I keep a separate bag I put in the shop vac when I'm cleaning up Aluminium only chips from the lathe or mill.  Steel chip just go out with the household rubbish.


----------



## MozamPete (Aug 13, 2015)

I keep a separate bag I put in the shop vac when I'm cleaning up Aluminium only chips from the lathe or mill.  Steel chip just go out with the household rubbish.


----------



## Billh50 (Aug 13, 2015)

I not only recycle my aluminum and brass but also broken and used carbide. The last time I recycled carbide it was over $10 a pound and the weight adds up fast as carbide is heavy.


----------



## vertcnc (Aug 13, 2015)

I have a 35 garbage can full of alum chips, just wondering about coolant residue.  I think some of the large commercial shops spin the chips to remove coolant.


----------



## Uglydog (Aug 13, 2015)

I save all my aluminum and brass chips for the backyard foundry.
Steel and cast chips get saved in 5gallon pails. My local steel supplier has a large bin into which he puts his drops (cut off unsalable pieces).
I just don't like sending it to the landfill, and the wife doesn't like me storing the swarf in the living room carpet.

Daryl
MN


----------



## pineyfolks (Aug 13, 2015)

My steel chips go in a 55gal drum. When it's full they go out with the rest of the scrap. It never adds up to much cash but I get all the cleaning done in one trip to the scrap yard.


----------



## Bill Gruby (Aug 13, 2015)

I keep mine separated also. I take them to the scrap yard and get paid for them. Also I keep some really sharp ones and use them for packing when sending stuff to people I don't like.

 "Billy G"


----------



## Joe Pitz (Aug 13, 2015)

Wow,  Thanks everyone for the good feedback.  Billy G,  that would make for some nice Christmas presents.


----------



## aametalmaster (Aug 13, 2015)

I have a local "picker" that comes by me and picks them up. I keep my steel and alum separate..Bob


----------



## Joe Pitz (Aug 13, 2015)

Thanks Bob,  One of the advantages of having a large volume of chips.

Joe


----------



## chips&more (Aug 13, 2015)

Tony spoke with words of wisdom and I totally concur with what he said. Recyclers in my neck of the woods could care less about a 5 gal bucket of steel chips or low volume transactions. The other metals, maybe they would want it, but you won’t get rich, you will get frustrated. And when you started to think you are saving the planet from more landfill. You wind up wondering if it was all worth it after the scraper gives you the shaft. I now put the chips in the recycle can…Dave.


----------



## Bill Gruby (Aug 13, 2015)

When the chips are down, chances are the Buffalo is empty. Come on, you know you were thinkin about it.

"Billy G"


----------



## Joe Pitz (Aug 13, 2015)

Thanks Dave,  Has you trash pickup folks ever complained about the chip?  Here is California,  they put nasty little red notes on your recycle bin if you put things in the recycle bin you are not suppose to.

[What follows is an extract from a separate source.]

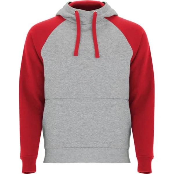 Ontwerp: Tweekleurig. Eigenschappen capuchon: Trekkoord, Opgenaaid. Zoom: Elastaan, Geribd. Overslaghals, Metalen Oogjes, Scheurbaar Label. Manchet: Elastaan, Geribd. Halslijn: Kapitein. Mouwtype: Raglan met lange mouwen, Raglan met lange mouwen. Zakken: 1 Kangoeroezak. Bevestiging: Trek aan de achterkant.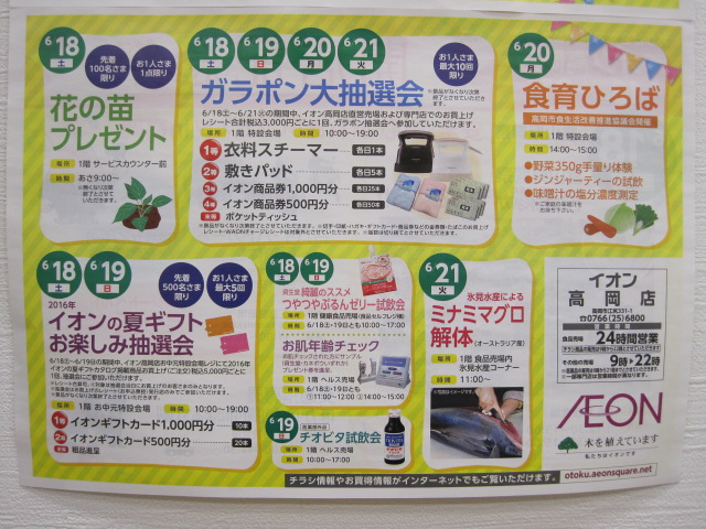 イオン高岡店では開店記念祭が行われます

Billy G,  It sounds like you need a new project to work on?  

Joe


----------



## Bill Gruby (Aug 13, 2015)

Nah, need to get back to the old ones not completed. See you at the Radial Thread. I can hear Gator coming. LOL

 "Billy G"


----------



## chips&more (Aug 13, 2015)

No, have not gotten a red note yet. However, I did try and give them about 5 gal of used motor oil the other day and they didn’t take it? I had it in the orginal oil containers. Instead, The guy left me a one gal jug with a generic recycle flyer attached to it. I guess it’s 1 gal at a time and in there special jug?


----------



## Joe Pitz (Aug 13, 2015)

Interesting, I did not think they would take motor oil.  I will have to check with our waste management co.

Thanks

Joe


----------



## mike837go (Aug 13, 2015)

All my metal scraps:
- Replaced Car parts
- Chips
- Unusable leftovers from plumbing projects
- Nails from the bottom of the wood stove
- No longer serviceable bolts, nuts, screws, washers...
- Obsolete computer cases
- Cut off pieces of stock that are too small for something else (under 1.5" in all 3 dimensions).  (Any one else have a standard for "usable salvage" vs. "scrap for reclamation"?)
- etc. ad nausium.

Get accumulated for a year or two and go to the local scrap yard as "white metal". I usually deliver around a ton and walk away with US$150 to US$200.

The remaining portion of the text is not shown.